- Active: January 1942 - May 1942
- Disbanded: May 12, 1942
- Countries: United States of America Philippine Commonwealth
- Allegiance: United States Army Philippine Commonwealth Army
- Branch: Army
- Type: Infantry
- Role: Territorial Defense
- Size: 1,500
- Part of: 61st Infantry Division
- Garrison/HQ: Dingle, Iloilo
- Equipment: M1917 Enfield .30 Caliber Bolt Action Rifle Bolo Arrow
- Engagements: Japanese Invasion of Panay

Commanders
- Notable commanders: LCol. Macario Peralta Jr., LCol. Crispin Gorriceta LCol. Cesar Hechanova LCol Lyle Fritzpatrick LCol. James Bickerton LCol.

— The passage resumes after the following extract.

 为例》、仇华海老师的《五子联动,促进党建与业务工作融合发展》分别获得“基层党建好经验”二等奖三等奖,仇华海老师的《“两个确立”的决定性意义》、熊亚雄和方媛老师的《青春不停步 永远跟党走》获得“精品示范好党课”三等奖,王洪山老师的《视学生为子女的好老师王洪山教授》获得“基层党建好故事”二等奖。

Amos Francia

= 64th Provisional Infantry Regiment (PA) =

64th Infantry Regiment, is a provisional unit of Philippine Commonwealth Army under 61st Infantry Division activated and organized in Panay Island. It fought the Japanese invaders in the island from April 18, 1942, to May 12, 1942, after ordered to surrender by Visayas-Mindanao Force commander Major General William F. Sharp.

== Background ==
After General Sharp moved his headquarters in Mindanao, he ordered bulked of his units to Mindanao as well. 61st Division units was ordered to release 61st Infantry under Colonel Mitchell based in Negros, 62nd Infantry under Colonel Thayer, and 61st Field Artillery under Colonel Tarkington and transfer to Mindanao via Negros. This leaving only one regiment in the island, General Bradford Chynoweth commander of 61st Division without delay, organized 2 new regiments out from trainees and new recruits in the island.

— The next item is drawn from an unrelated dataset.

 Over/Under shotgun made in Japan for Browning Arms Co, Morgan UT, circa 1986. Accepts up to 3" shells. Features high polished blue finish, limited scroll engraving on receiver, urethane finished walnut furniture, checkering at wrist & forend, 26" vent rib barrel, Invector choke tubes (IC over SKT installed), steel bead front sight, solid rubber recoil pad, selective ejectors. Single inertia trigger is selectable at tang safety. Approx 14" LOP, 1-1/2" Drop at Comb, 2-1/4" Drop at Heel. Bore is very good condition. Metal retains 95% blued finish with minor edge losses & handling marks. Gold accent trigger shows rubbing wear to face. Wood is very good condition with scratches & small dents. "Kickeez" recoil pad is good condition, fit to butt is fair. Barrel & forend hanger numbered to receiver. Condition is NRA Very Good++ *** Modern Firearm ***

Initially it was named 61st Provisional Infantry and 62nd Provisional Infantry to replace the previous regiments who left the island. However, in order not to create confusion it was renamed to 64th Infantry (Provisional) initially under Lieutenant Colonel Amos Francia, but later replaced by Lieutenant Colonel James Bickerton. After reorganization of the division staff Lieutenant Colonel Lyle Fritzpatrick replaced Colonel Bickerton who was transferred as division staff.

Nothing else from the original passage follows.